Cost-Sensitive and Semi-Supervised Learning for Fraud
Abstract
Given the magnitude of e-auction transactions, it becomes challenging to safeguard
consumers from dishonest sellers, such as shill bidders. Shill Bidding (SB) is a
predominant auction fraud that is driven by modern-day technologies and clever
scammers. The difficulty of identifying the behavior of sophisticated fraudsters
and the scarcity of training dataset, hinder the research on SB detection. The
first part of this thesis aims to address these two difficult problems. We first
define two new SB patterns and implement other existing SB patterns. Next, we
develop a reliable SB dataset. This development requires crawling commercial
auctions and bidder history, preprocessing the raw data, and detecting outliers.
Due to the difficulty of labeling the multi-dimensional SB dataset, the second part
of the thesis investigates the Semi-Supervised Classification approach (SSC). SSC
requires labeling only a few SB samples. Therefore, we properly combine two data
clustering methods and define an anomaly detection approach based on the SB
scores of bidders in combination with the Three Sigma Rule.

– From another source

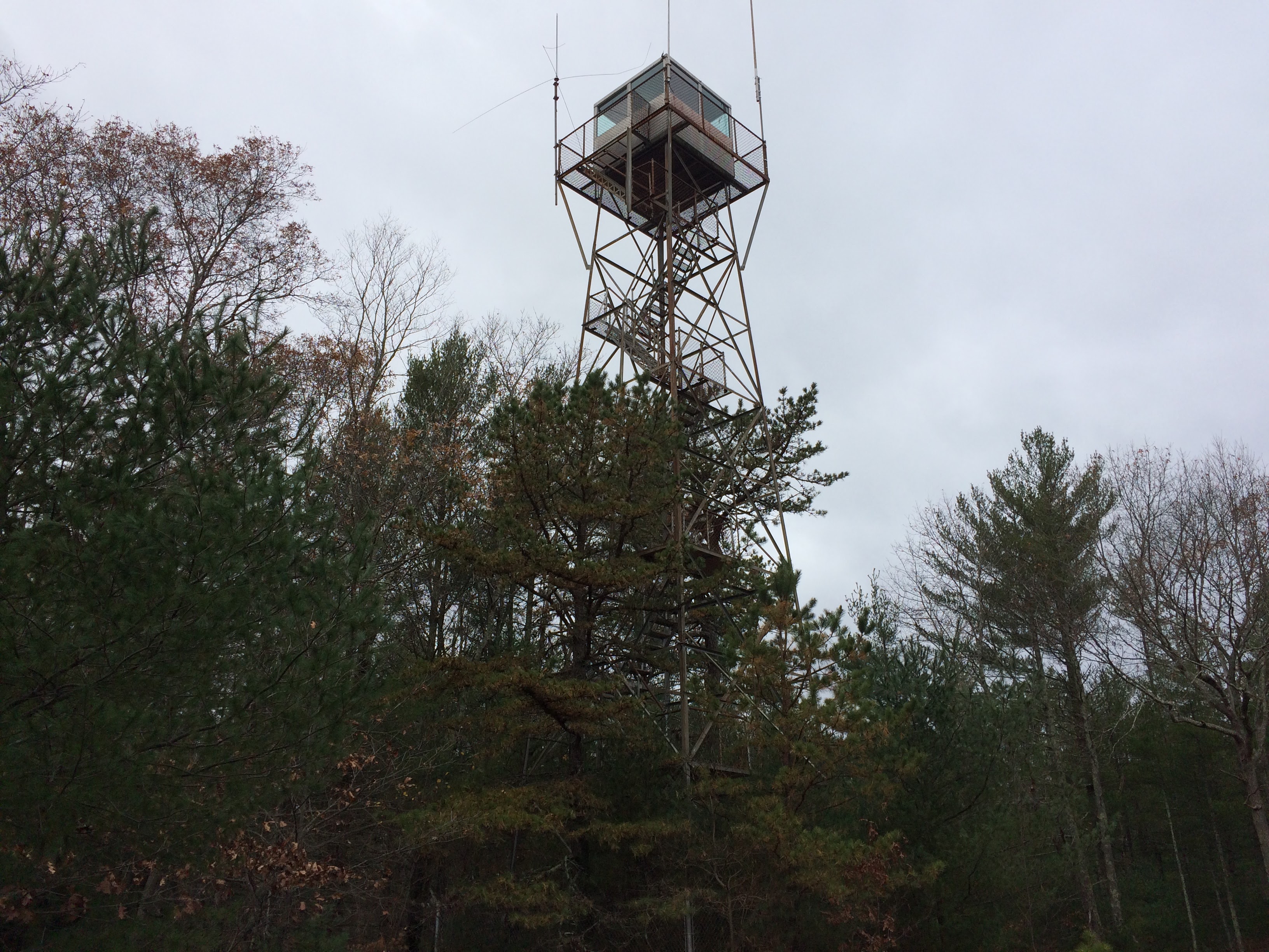 | Comments: | This tower is in okay condition for its obvious lack of maintenance. Trees are grown up around the legs of the tower, the lower portion of which is encased in vines. The lower stairs have been removed. Every step and landings is grated steel, not wood. It appears that everything on the tower is fine, however. |

Our experimental analysis in developing several SSC models demonstrates that
having unlabeled SB data together with a few labeled data improves the predictive
performance of the supervised SB models. The SSC models are able to accurately
differentiate between normal and shill bidders. Additionally, the learning curve
of the models shows that the smaller the size of the labeled SB data, the more
effective the model would be. Nevertheless, SSC models tackle the misclassifica-
tion errors of all the classes alike. This means that identifying a fraudster as a
normal bidder has the same risk as classifying a normal bidder as a fraudster. The
third part of the thesis examines this serious problem based on MetaCost learning.
Moreover, we propose an ensemble of a cost-sensitive and semi-supervised classifi-
cation approach to deal with the problem of imbalanced data without modifying
the original training SB dataset and to minimize the misclassification errors of the
fraud class as well. We develop several ensemble SB models that are able to reduce
the incorrect predictions of the fraud class.